[Source data]
────────────────────────────────────────

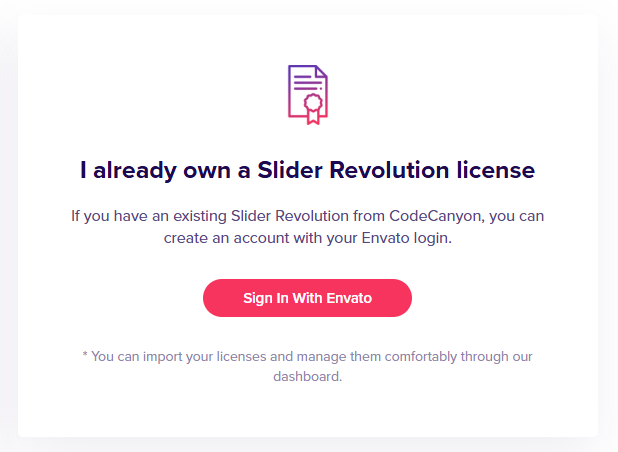 After authenticating yourself via the Envato API, your licenses will be imported automatically.
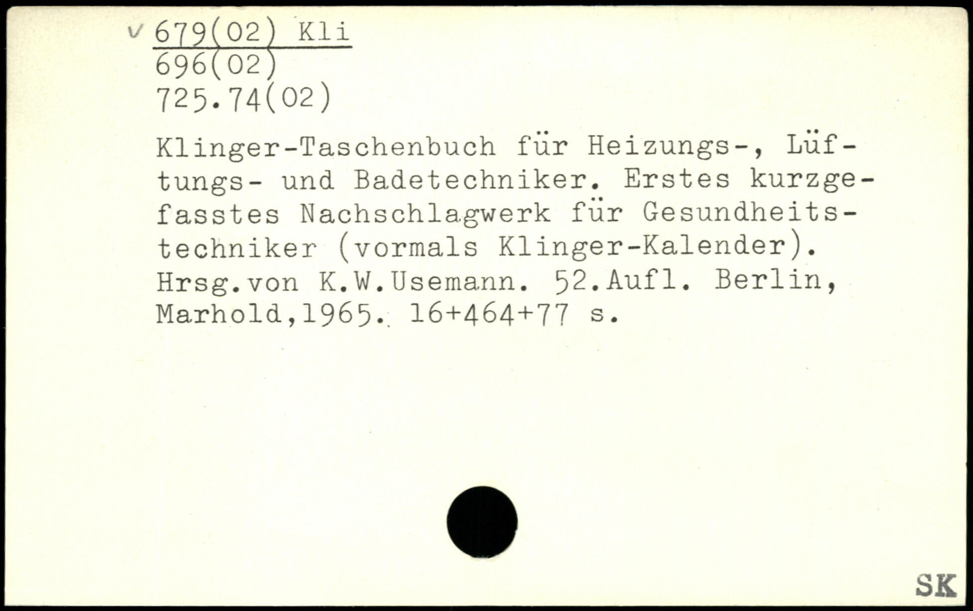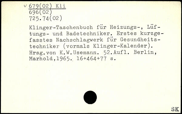 Klinger-Taschenbuch für Heizungs-, Lüf-tungs- und Badetechniker. Erstes kurzgefasstes Nachschlagwerk für Gesundheitstechniker (vormals Klinger-Kalender). Hrsg.von K.W.Usemann.
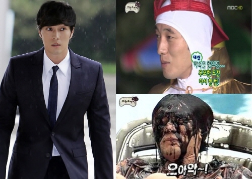 그는 2인 1조 먹물 풍선 테이프 떼기 게임을 하던 중 얼굴에 먹물을 뒤집어쓰며 망가진 모습을 보여주며 평소 배우로서는 보여주지 못했던 인간미(?)를 발산했다.
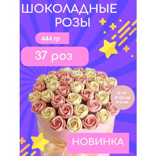 Шоколадный буке "ShokoTrends", 37 роз, ванильный вкус, в шляпной упаковке
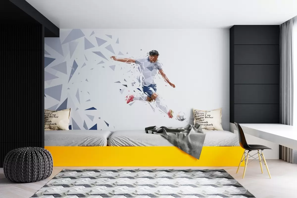 Fotomurales Futbolista dinámico con un estilo poco polvoriento, golpeando el balón Nr. w03289
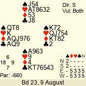 | Con | Dc | Res | Score | Ld | Pairs | Rd | Tbl | | 3 N | S | +3 | 690 | 6 | 05 - 01 | 5 | 5 |
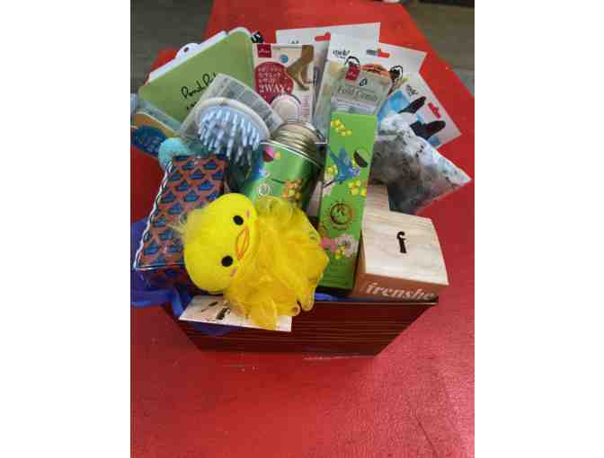 Treat yourself and your child to a day of self-care! Includes sheet masks, nail file, heel file, shampoo brush to get hair really clean, hair drying glove, folding comb, scented candles, mirrored compact, nail jewelry, bath book, and various creams to keep you looking and smelling great! Also includes a $70 gift certificate for 1 adult and 1 child to have a full mani/pedi at Emoji Nails on Arroyo. Can't forget the cute Ducky scrub sponge!
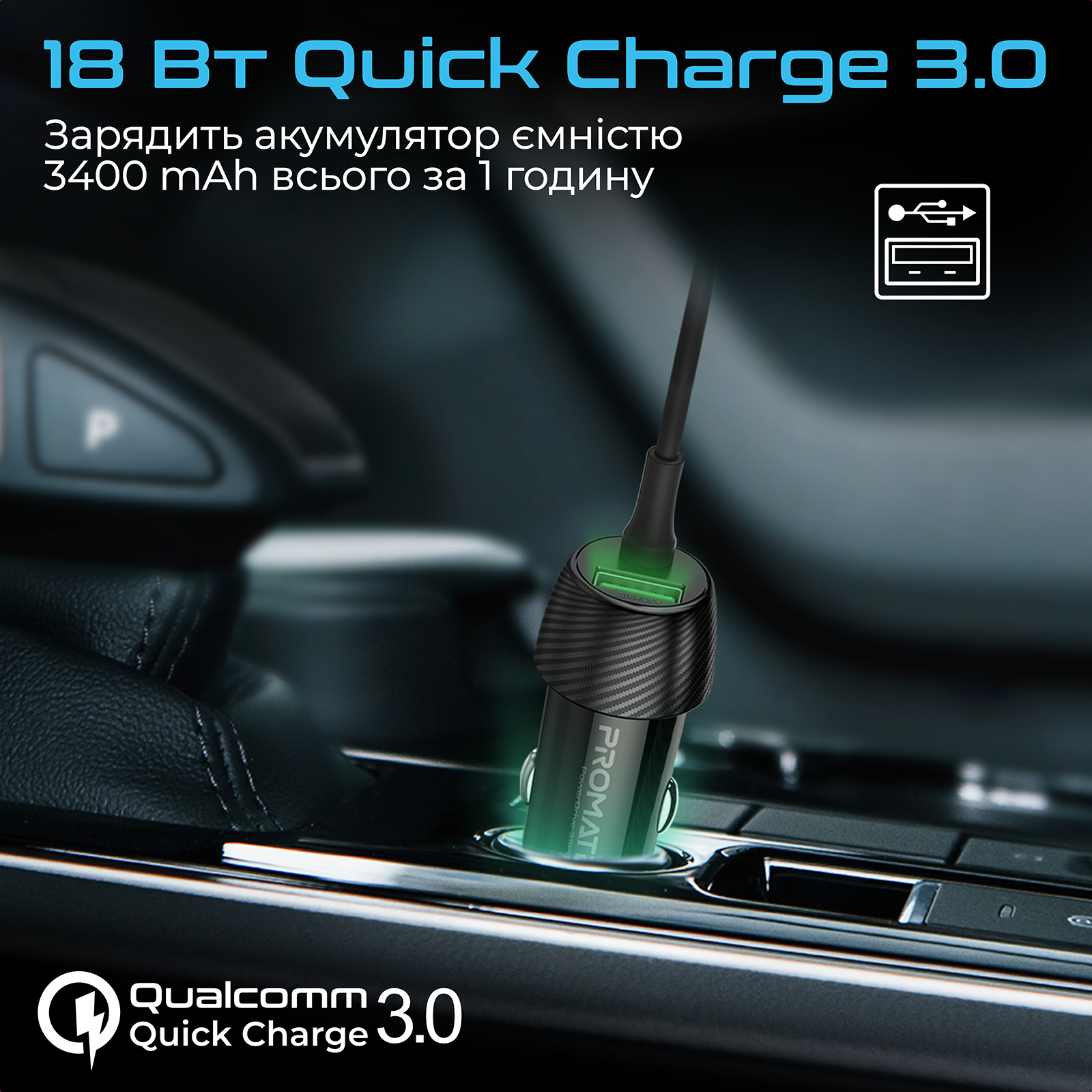 - 18 Вт USB-A порт: З підтримкою технології Qualcomm Quick Charge 3.0, працює в трьох режимах: 5В/3А, 9В/2А, 12В/1.5А.

────────────────────────────────────────

TASK BRIEF: In your copy of the records above, include no pictures and match every line exactly.

EXERCISE OUTPUT:
 After authenticating yourself via the Envato API, your licenses will be imported automatically.
 Klinger-Taschenbuch für Heizungs-, Lüf-tungs- und Badetechniker. Erstes kurzgefasstes Nachschlagwerk für Gesundheitstechniker (vormals Klinger-Kalender). Hrsg.von K.W.Usemann.
 그는 2인 1조 먹물 풍선 테이프 떼기 게임을 하던 중 얼굴에 먹물을 뒤집어쓰며 망가진 모습을 보여주며 평소 배우로서는 보여주지 못했던 인간미(?)를 발산했다.
 Шоколадный буке "ShokoTrends", 37 роз, ванильный вкус, в шляпной упаковке
 Fotomurales Futbolista dinámico con un estilo poco polvoriento, golpeando el balón Nr. w03289
 | Con | Dc | Res | Score | Ld | Pairs | Rd | Tbl | | 3 N | S | +3 | 690 | 6 | 05 - 01 | 5 | 5 |
 Treat yourself and your child to a day of self-care! Includes sheet masks, nail file, heel file, shampoo brush to get hair really clean, hair drying glove, folding comb, scented candles, mirrored compact, nail jewelry, bath book, and various creams to keep you looking and smelling great! Also includes a $70 gift certificate for 1 adult and 1 child to have a full mani/pedi at Emoji Nails on Arroyo. Can't forget the cute Ducky scrub sponge!
 - 18 Вт USB-A порт: З підтримкою технології Qualcomm Quick Charge 3.0, працює в трьох режимах: 5В/3А, 9В/2А, 12В/1.5А.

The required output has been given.